Are there any specific dangers associated with prostatectomy? 

The principal problem is bleeding, which in this area can be difficult to control. However, the urologist is particularly careful about this and makes every effort to avoid it completely and to manage it successfully when it happens. This problem has become less frequent in recent times.

The major danger of this disease and its operation is that many of the men are elderly and frail and thus subject to the complications of old age: pneumonia, blood disease, strokes, heart attacks and kidney failure. The danger is not in the technical aspects of the surgical procedure but in the general condition and fortitude of the patient's cardiovascular system.

Will my urinary problem be cured if the operation goes well? 

The vast majority of patients are well satisfied and almost all are improved. Some have temporary urinary dribbling, a few have incomplete control, and others have a poor urinary stream. A few patients require periodic stretching of the urinary channel. This is painlessly done in the urologist's office on an ambulatory basis. The relatively minor urinary inconveniences usually improve with time.

How long will I be in the hospital and what is the convalescent period? 

If the operation is done through the urinary channel, the hospital stay is about a week and many patients get around well by the third postoperative week. The abdominal procedure requires a two week hospitalization and a four week convalescent period. These are average figures for the uncomplicated cases.

What effect does prostatectomy have on sexual activity? 

The usual operation for prostatic overgrowth has no effect on sexual desire, which remains what it was before surgery. Sexual performance is not adversely affected. Those who were potent before remain so; those who were impotent before are not improved. The individual whose sexual powers are waning at the time of surgery may go either way. The most important change is that there is no sperm in the ejaculate. However, the sexual feeling and excitement are not altered in the potent individual.

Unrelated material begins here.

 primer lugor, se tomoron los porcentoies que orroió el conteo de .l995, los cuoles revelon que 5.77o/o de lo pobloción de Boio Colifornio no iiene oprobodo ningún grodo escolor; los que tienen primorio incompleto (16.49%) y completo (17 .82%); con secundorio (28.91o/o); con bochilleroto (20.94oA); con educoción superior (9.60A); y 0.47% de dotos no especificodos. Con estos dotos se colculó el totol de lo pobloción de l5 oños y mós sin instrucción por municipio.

How is early cancer of the prostate recognized? 

The surgeon suspects that the prostate contains a cancer when he feels a particularly hard, firm nodule in the gland during a rectal examination. In other instances the diagnosis is made on cystoscopic examination. The presence of cancer is confirmed by removing a piece of tissue for biopsy and microscopic examination. In a certain number of men the cancer remains locally confined for a long time. Early cancer of the prostate can be completely removed by a total prostatectomy.

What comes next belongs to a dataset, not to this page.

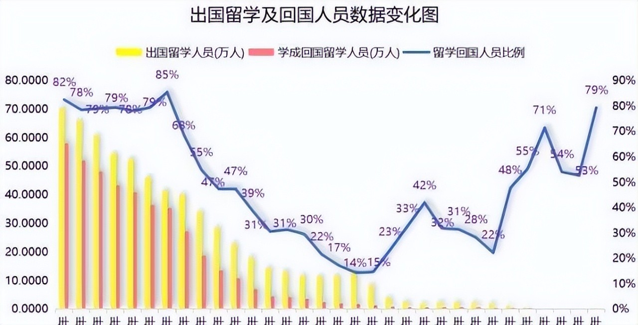 不过好在从2008年至2018年间,越来越多的留学生在学业完成之后回到祖国。

What are the Signs and Symptoms of Prostate Cancer?

How did this prostate cancer get to be so advanced? 

Cancer of the prostate is a very common disease in old age. If it arises in an area that doesn't affect the urinary channel, it can become very large locally and have spread to the bones and lungs before it produces symptoms.

Most prostatic cancer is first diagnosed in an advanced stage. A simple blood test for the level of an enzyme (acid phosphatase) accurately indicates whether the cancer has spread beyond the local area.
It's possible to have cancer of the prostate in one part of the gland and benign prostatic hypertrophy in another area.

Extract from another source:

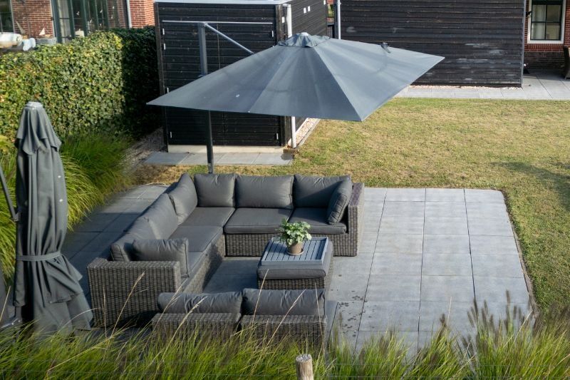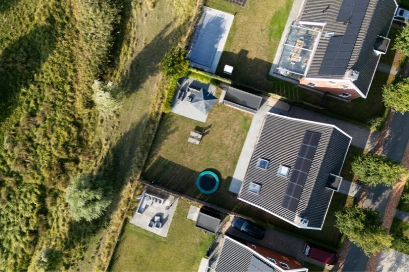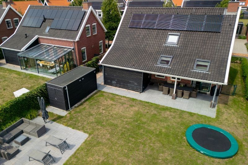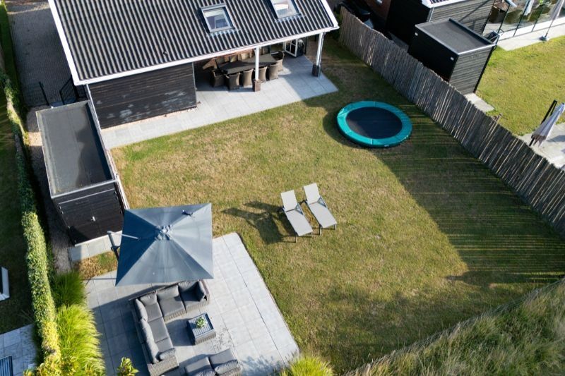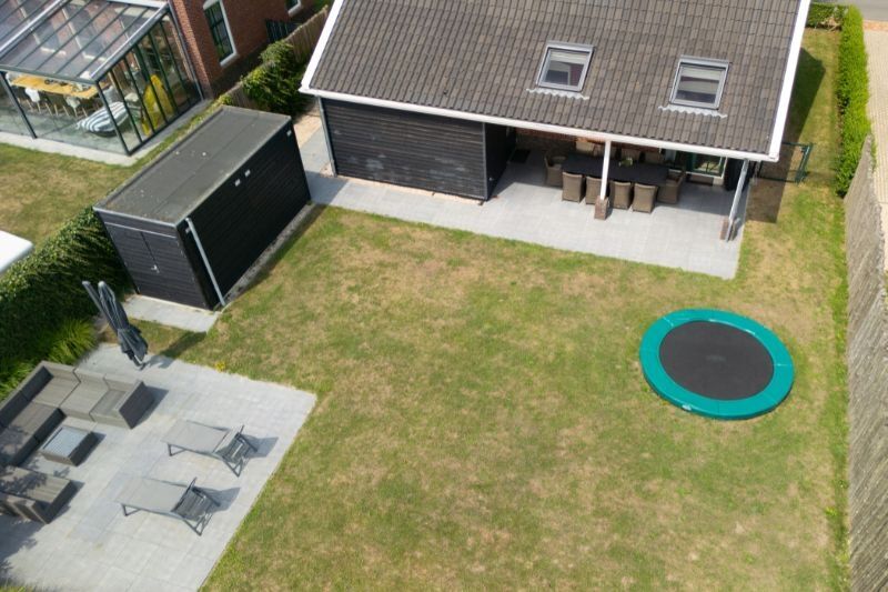 Großer, vollständig umzäunter Garten mit Rasenfläche und Bepflanzung. Der Garten verfügt über ein großes Trampolin und eine Sonnenterrasse im hinteren Bereich. 2 Parkplätze vor dem Haus.

What can be done for advanced cancer of the prostate? 

Advanced cancer of the prostate is not treated by a radical surgical procedure. Fortunately the disease can be stabilized and antagonized but not cured by the administration of hormones. The effect can be pain relieving and long lasting.

In other men removal of both testicles significantly improves the results of hormone administration because it eliminates the principal source of the male hormone. The testes can be replaced with a prosthetic device so that there need be no cosmetic defect.

What is the sexual effect of removal of the testicles for cancer of the prostate? 

Removal of the testicles is, of course, castration. Because the cancer is usually encountered in the elderly male who is at the end of his active sexual life, it has less significance than it would have for a younger man. There are, obviously, striking exceptions to this. Castration results in impotence and sterility.